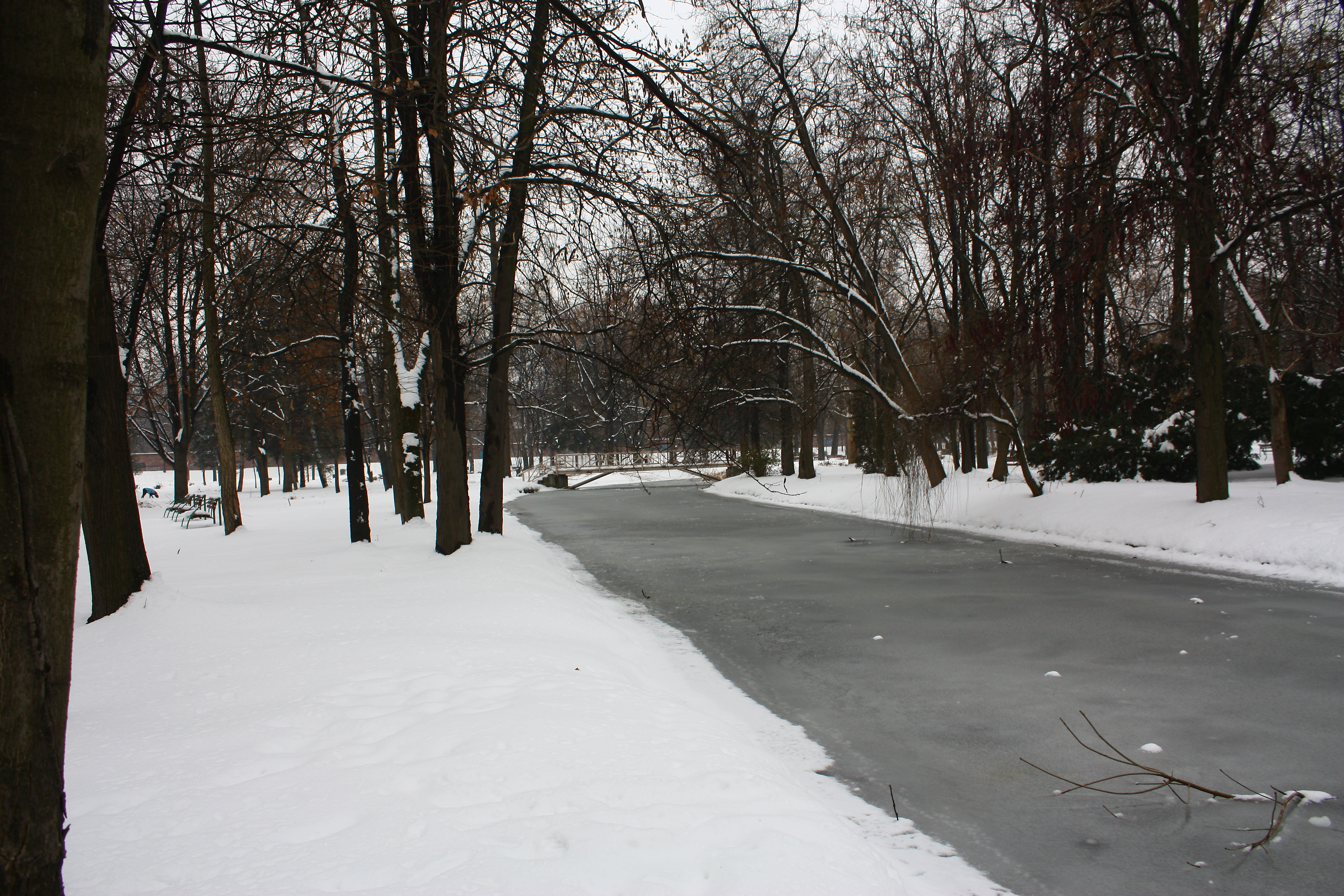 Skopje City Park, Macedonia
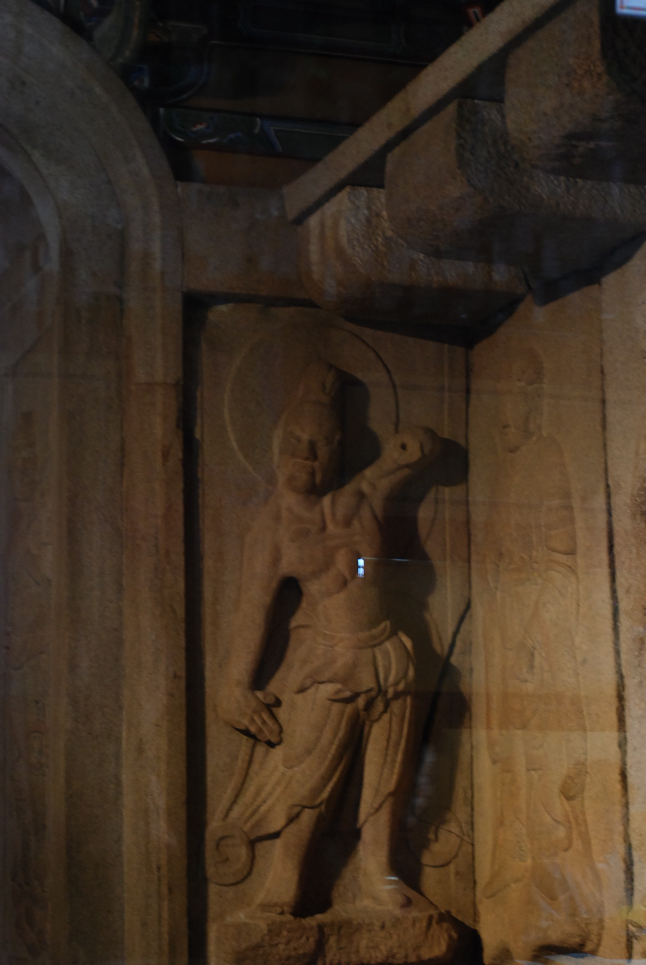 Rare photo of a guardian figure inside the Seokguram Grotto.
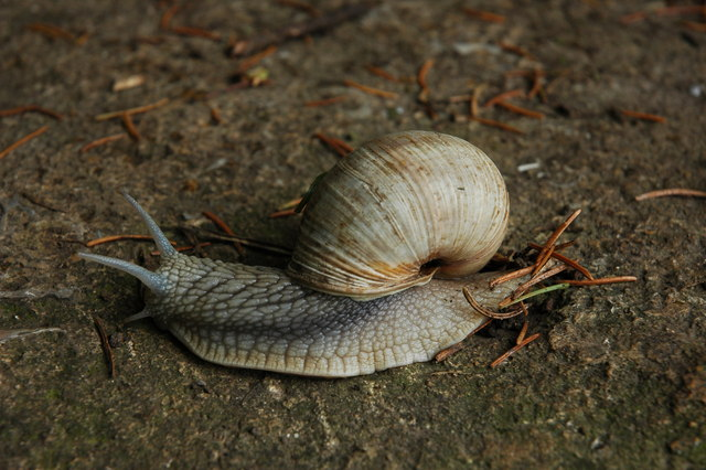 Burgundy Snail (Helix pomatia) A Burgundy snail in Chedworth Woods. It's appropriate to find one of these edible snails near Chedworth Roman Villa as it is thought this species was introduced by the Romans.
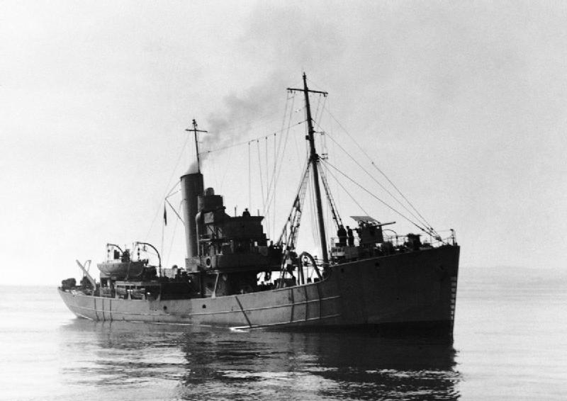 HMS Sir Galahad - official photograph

What needs to be done =>
Retype, exactly as written, each line from the one containing "Burgundy Snail (Helix" through the end of the data above, and leave out every picture.

Exercise response =>
 Burgundy Snail (Helix pomatia) A Burgundy snail in Chedworth Woods. It's appropriate to find one of these edible snails near Chedworth Roman Villa as it is thought this species was introduced by the Romans.
 HMS Sir Galahad - official photograph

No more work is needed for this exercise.